Bryan Lawrence

... personal wiki, blog and notes

More on citation - part two, MST

Yesterday I started talking about how I think one should cite data we hold on behalf of someone else. That discussion isn't yet finished, issues of citing within datasets, and other "standards" for citation still need to be discussed (including how we parse and store them electronically), and I still haven't gotten to addressing any of my points from the original blog entry. Before we go there, it's helpful to discuss our mst radar data set.

The mst radar dataset consists of data from 1990 to the present. Over time the data format and methodology of data collection (i.e. how the raw radar returns are converted to, for example, wind) have changed. Nonetheless, one can imagine someone wanting to cite a timeseries extending back to the beginning or a particular days data, or perhaps the whole thing.

Do we publish the data? We will hold the data in perpetuity, and make it available for scientific use, so in some senses yes 1 (In the same sense as we publish the ashoe data). I'm going to get back to this issue of what I think publication should be for data.

Meanwhile, how should one cite this? Still using the U.S. National Library for Medicine recommendations (pdf), we should probably consider this as an online database.

Things to think about:

The whole thing would then be, for example:

Natural Environment Research Council, Mesosphere-Stratosphere-Troposphere Radar at Aberystwyth, [Internet], British Atmospheric Data Centre (BADC), 1990-, urn http://badc.nerc.ac.uk/data/mst/, [updated Mar 15 2006, downloaded Sep 21 2006, Available from http://badc.nerc.ac.uk/getdata/data_browser/badc/mst/data/mst-products-v2/cartesian] ]

Well, that's obviously horrible. Let's just for a moment imagine our retrieval system was a bit more citation friendly.

In which case the following would be legitimate:

Natural Environment Research Council, Mesosphere-Stratosphere-Troposphere Radar at Aberystwyth, [Internet], British Atmospheric Data Centre (BADC), 1990-, urn badc.nerc.ac.uk/data/mst/v3/upd15032006, [downloaded Sep 21 2006, available from http://badc.nerc.ac.uk/data/mst/v3/]

(In all this, note that in all this, today and yesterday, I have completely removed any reference to the physical location of the database (eg, London, or in our case, The physical location is so irrelevant. It made sense to include when one could physically go to an archive and get a copy of a document, but you can't do that with our data. Coming here will get you nothing. Further, we could move the badc from Chilton to Oxford tomorrow, and it would make NO difference to the accuracy of the citation. Why include it then? I think the location convention has to die when applied to electronic retrievals).

Well, that's enough for now. Next we'll consider citing into that archive, and some of the other issues ...

1: Wikipaedia thinks so: "Publishing is the activity of putting information into the public arena. ..." (ret).

Categories: claddier curation metadata

Trackbacks (1)

(Manual trackback to this URI)

Citation, Hosting and Publication (from "Bryan's Blog" on Friday 20 October, 2006)

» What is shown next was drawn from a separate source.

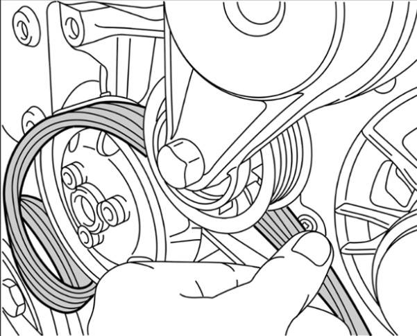 5 Провести верхний край ремня вокруг насоса системы охлаждения. Затем поставить ремень на ребро (повернуть на 90°) и провести за натяжителем ремня. Ход ремня - насос системы охлаждения
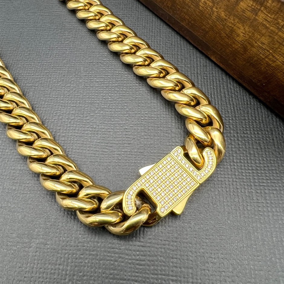 Opulent Galleria - Iced Clasp 18K Gold-Filled Cuban Chain Necklace, 12MM Wide - 60.9cm

Returning to my series on citation (parts one, two, and three). My last example was an MST data set held at the BADC, and I was suggesting something like this (for a citation) ...

Comments (3)

Chris Rusbridge on Tuesday 07 November, 2006:

'Our first issue is: "Who is the author?". I think this is a case where this is a NERC facility, so it is NERC.'

I've been very interested by your series of blogs on data citations (including later ones; I wasn't sure where best to place this comment). If we are to change behaviours, we need to look at the motivating factors for scientists to do difficult things with data, regarding it as important as the words they write in their articles. I think data citations are a critical part of this. But all your examples, as in the quote above, imagine only a corporate author. This might be appropriate for MST data (although shouldn't the scientific leadership get some credit for the work they do in this particular form of endeavour rather than others?), but we know there are cases where at least parts of (or contributions to) the data are made by individuals that are worth crediting.

Would you consider adding examples with personal authorship, and also finer granularity, in your later thoughts on this?

Bryan on Tuesday 07 November, 2006:

Certainly personal authorship is where we want to go ... but regrettably nearly all our datasets are not organised so the actual authors pop out (for example, individual's datasets are generally aggregated into thematic programme holding datasets).
That's one of the key changes we in the archive need to achieve ...
but yes, I will eventually get personal author examples up!

pflmajsp on Monday 22 June, 2009:

4rl06o <a href="http://rviaghgqzbvs.com/">rviaghgqzbvs</a>, [url=http://bdsaaukwpxlz.com/]bdsaaukwpxlz[/url], [link=http://gttrdcktddcn.com/]gttrdcktddcn[/link], http://dzogoxcbvnjx.com/

Add a Comment

What is 96+73?
Name
URI
Comment
Comments are text only.
The math question is to ensure you are a human!

This page last modified Friday 22 September, 2006
DISCLAIMER: This is a personal blog. Nothing written here reflects an official opinion of my employer or any funding agency.